[DATA UNDER STUDY — start]
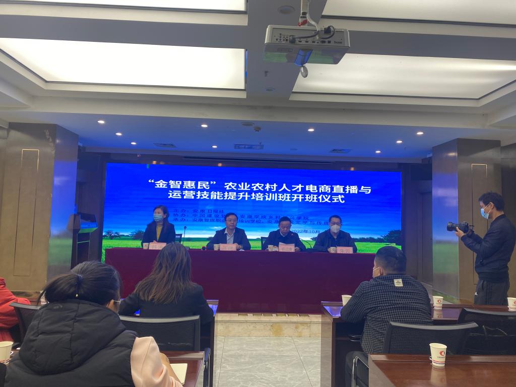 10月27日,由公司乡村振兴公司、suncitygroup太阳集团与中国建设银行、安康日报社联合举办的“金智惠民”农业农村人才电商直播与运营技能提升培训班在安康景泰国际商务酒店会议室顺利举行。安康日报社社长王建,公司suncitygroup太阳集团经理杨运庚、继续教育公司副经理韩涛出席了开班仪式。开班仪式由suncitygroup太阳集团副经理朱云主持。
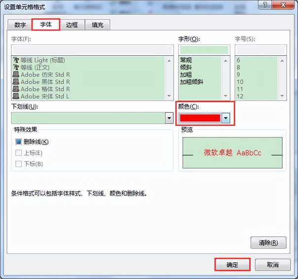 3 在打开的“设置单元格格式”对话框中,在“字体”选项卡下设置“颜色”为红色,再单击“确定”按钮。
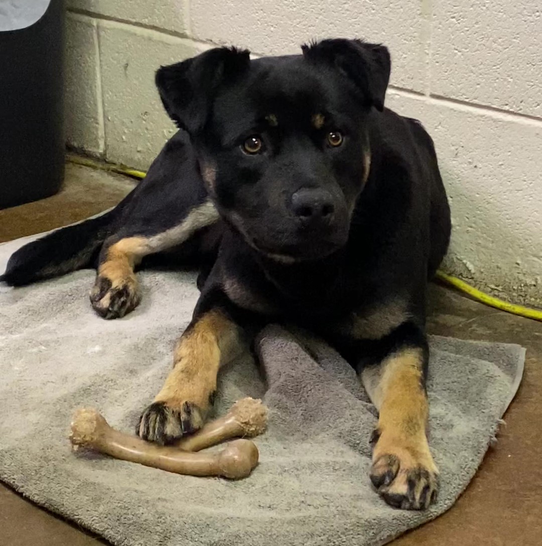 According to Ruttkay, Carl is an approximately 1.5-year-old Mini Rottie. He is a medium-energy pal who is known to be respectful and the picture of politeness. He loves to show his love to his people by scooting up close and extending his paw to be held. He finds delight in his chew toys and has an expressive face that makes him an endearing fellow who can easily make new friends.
[DATA UNDER STUDY — finish]
[DATA UNDER STUDY — start]
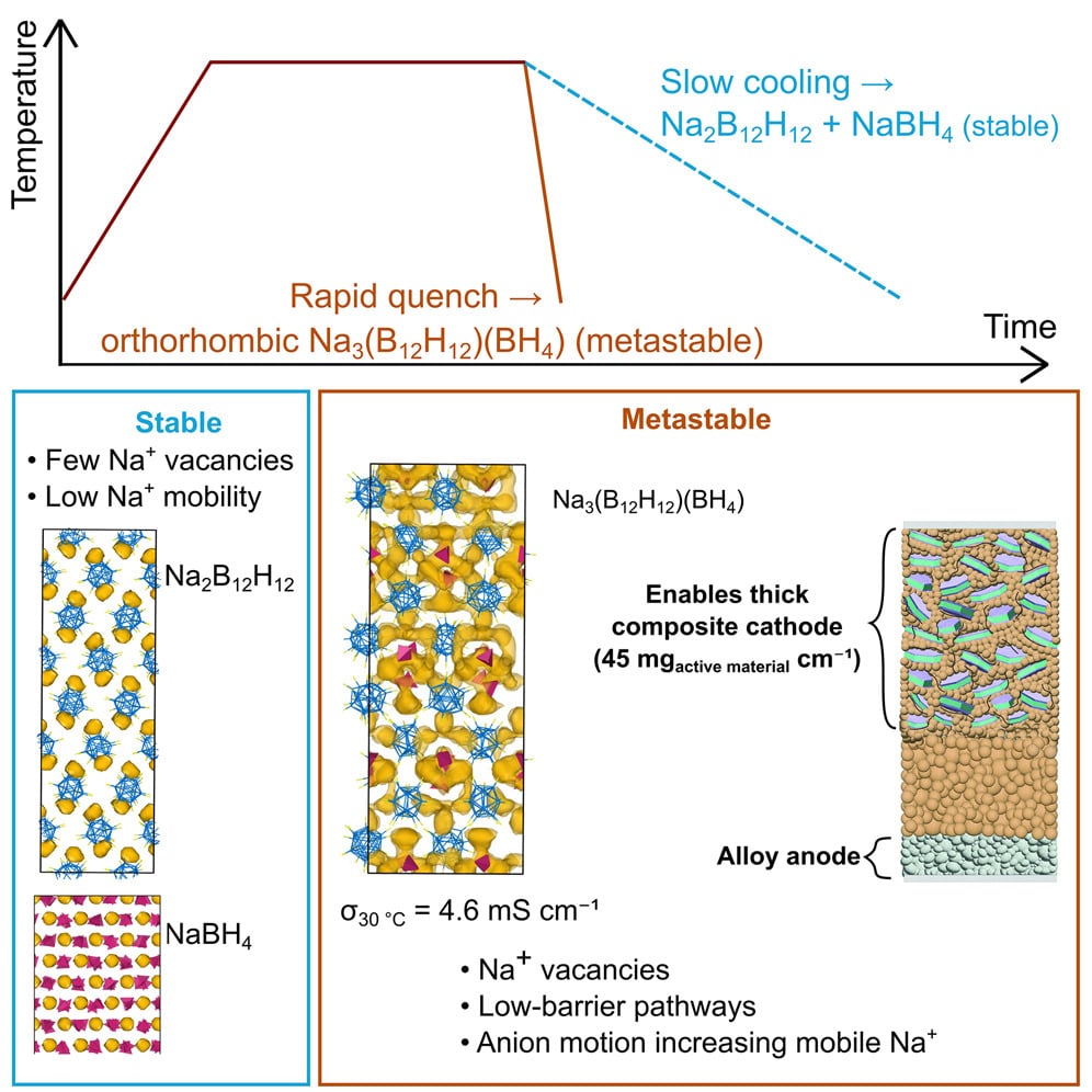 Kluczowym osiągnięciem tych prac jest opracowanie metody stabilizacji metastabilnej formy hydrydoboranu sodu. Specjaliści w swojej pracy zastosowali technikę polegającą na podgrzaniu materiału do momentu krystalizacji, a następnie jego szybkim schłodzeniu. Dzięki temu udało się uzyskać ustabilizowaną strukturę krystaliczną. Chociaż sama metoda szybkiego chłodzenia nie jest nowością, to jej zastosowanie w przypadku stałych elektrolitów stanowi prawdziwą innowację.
[DATA UNDER STUDY — finish]
» WHAT TO PRODUCE: Copy word for word the lines of the records above from the one with "10月27日,由公司乡村振兴" up to and including the one with "According to Ruttkay, Carl". Skip the pictures.

» RESULT FOR THIS TASK:
 10月27日,由公司乡村振兴公司、suncitygroup太阳集团与中国建设银行、安康日报社联合举办的“金智惠民”农业农村人才电商直播与运营技能提升培训班在安康景泰国际商务酒店会议室顺利举行。安康日报社社长王建,公司suncitygroup太阳集团经理杨运庚、继续教育公司副经理韩涛出席了开班仪式。开班仪式由suncitygroup太阳集团副经理朱云主持。
 3 在打开的“设置单元格格式”对话框中,在“字体”选项卡下设置“颜色”为红色,再单击“确定”按钮。
 According to Ruttkay, Carl is an approximately 1.5-year-old Mini Rottie. He is a medium-energy pal who is known to be respectful and the picture of politeness. He loves to show his love to his people by scooting up close and extending his paw to be held. He finds delight in his chew toys and has an expressive face that makes him an endearing fellow who can easily make new friends.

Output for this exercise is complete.